In a release on May 4, the company noted that revenues from Continuing Operations for the first quarter of 2009 were $7.0 million, an increase of 1 percent compared to revenues from Continuing Operations of $6.9 million for the first quarter of 2008 and a decrease of 8 percent compared to revenues from Continuing Operations of $7.6 million for the fourth quarter of 2008. Total revenue generated during the first quarter of 2009 by the Company was $7.5 million, $531,000 of which was included within Gain from Discontinued Operations.
Immersion commenced the divestiture of its 3D line of business during the first quarter of 2009. Income and expenses directly attributable to the 3D business are presented as "Discontinued Operations" in the Company's statement of operations.
Net loss for the first quarter of 2009 was $(7.5) million, or $(0.27) per share, compared to net loss for the first quarter of 2008 of $(2.6) million, or $(0.08) per share and net loss of $(9.7) million, or $(0.35) per share, for the fourth quarter of 2008, which included one-time charges of $2.6 million related to the divesture of the 3D line of business.
"Demand for Immersion's proprietary TouchSense solutions was strong as we posted sequential and annual growth for this line of business during the first quarter. Touch screens in mobile phones is fueling demand for haptics in that market segment. We estimate that in 2008 our TouchSense technology shipped in 15 percent of touch screen phones worldwide. Based on our current design wins with the top three handset manufacturers globally, we expect that number to grow to approximately 25 percent of 2009 touch screen phone shipments. Separately, we have begun to generate royalty license revenue from agreements with semiconductor companies and believe that this is the beginning of an important new revenue stream for Immersion," said Immersion president and CEO Clent Richardson.
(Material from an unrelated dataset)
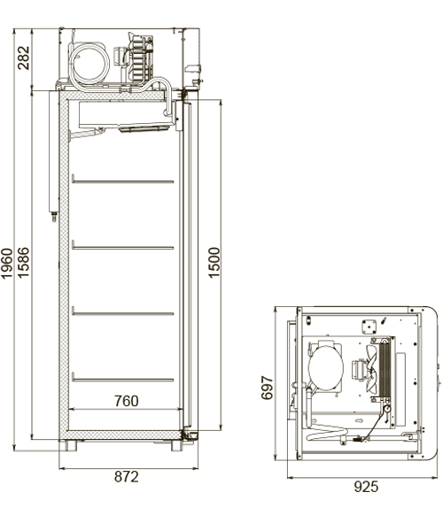 Каталог оборудования Холодильное оборудованиеШкафы холодильныеШкафы холодильные универсальные от -5 до +5 °СШкаф холодильный универсальный Polair CV107-Sm Alu Шкаф холодильный универсальный Polair CV107-Sm Alu Код товара: 062-611 Поделиться: WhatsAppTelegram СравнитьДобавить в КПВ избранное 0 129 370 ₽ В корзину 0 шт Под заказСамовывоз сегодня бесплатно Взять в кредит Купить в лизинг Получить консультацию в WhatsApp Описание Характеристики Отзывы 0 Инструкции 4 Шкаф холодильный универсальный Polair CV107-Sm Alu предназначен для демонстрации и надежного хранения продуктов на предприятиях общественного питания и торговли. Цельнозаливной корпус выполнен из стали с полимерным покрытием и оснащен алюминиевыми профилями, что обеспечивает высокую прочность конструкции и долговечность, а также подчеркивает современный премиальный дизайн. Шкаф работает при температуре окружающей среды до 40 °С и влажности воздуха до 80%. Особенности модели: Контрольная панель с быстрым доступом к настройкам, удобным возвратом в предыдущее меню и возможностью полного отключения без отдельной кнопки. Жидкокристаллический дисплей для наглядного отображения параметров. Клапан Шредера для обслуживания холодильной системы. Компенсационный клапан с ПЭНом обогрева, ПЭНы обогрева трубки слива конденсата и дверного проема — предотвращают образование льда и обеспечивают надежную работу. Распашной тип двери с возможностью изменения стороны открывания, что делает установку более гибкой. Полностью интегрированные ручки, удобные и стильные. Эластичные уплотнители с магнитными вставками для максимальной герметизации. Внутренняя подсветка вынесена на нижнюю часть фронтальной панели. Микропереключатель для автоматического отключения вентилятора и включения подсветки при открытии дверей. Регулируемые по высоте ножки для устойчивости на любом полу. Педаль для удобного открывания без рук. Замок для защиты содержимого. Высокая допустимая нагрузка на полку — до 40 кг. Размер полки: GN 2/1 (530×650 мм). Толщина стенки корпуса — 43 мм, что обеспечивает отличную теплоизоляцию. Polair CV107-Sm Alu — это функциональный и надежный холодильный шкаф с современным дизайном, который обеспечивает максимальную сохранность и удобный доступ к продуктам. Отлично подходит для ресторанов, кафе и магазинов, где важны надежность, стиль и энергоэффективность.Изображение товара, представленного на фото, может отличаться от его фактического вида. Показать все Габаритные размеры697×925×1960 ммДиапазон рабочей температурыот -5 до +5 °CДлина697 ммГлубина925 ммВысота1960 ммОбъём700 лРазмер полки530×650 ммКоличество полок4 штКоличество дверей1 штТип оттайкиАвтоматическая Тип охлажденияДинамическое Тип управленияЭлектронное Материал корпусаНержавеющая сталь Тип двериМеталлическая ЗамокЕсть Способ открыванияРаспашные ХладагентR290 Холодильный агрегатВстроенный Расположение агрегатаВерхнее Потребление электроэнергии в сутки4,5 кВтПотребляемая мощность0,4 кВтНапряжение220 ВГабариты в упаковке800×1000×2150 ммВес нетто113 кгВес брутто138 кгБрендPolairВсе шкафы холодильные универсальные от -5 до +5 °С Из нержавейки Оставить отзыв Еще никто не оставил отзыв на этот товар Схема POLAIR CV107-Sm.jpgИнструкция на POLAIR CV107-Sm.pdfДекларация о соответствии.pdfСертификат соответствия.pdf Похожие товары Перейти в каталог Под заказ 125 793 ₽ Шкаф холодильный универсальный Arkto

"Domestic Medical sales were lower than expected primarily due to sluggishness in the rate of capital purchases from hospitals and other facilities caused by the overall economy, as well as seasonal fluctuations. The relocation of our Medical line of business to our headquarters, combined with cost-cutting initiatives, are expected to improve the operational and financial performance of that business. Given the reduced trajectory of our revenue growth rate, we have taken aggressive and prudent actions to decrease expenses across the company to achieve cash-flow breakeven and turn the corner on sustained profitability as quickly as possible. We will begin to experience the benefits of these actions in the second quarter, though the major payoff will be realized starting in the second half of 2009 and into next year. We are sizing the company appropriately to align with current revenue forecasts, while improving operational efficiency to capitalize on an unmistakable opportunity to shape the future of the user experience in digital devices," concluded Richardson.
As of March 31, Immersion had cash, cash equivalents, and short-term investments totaling $80.9 million, compared to $85.7 million as of December 31, 2008.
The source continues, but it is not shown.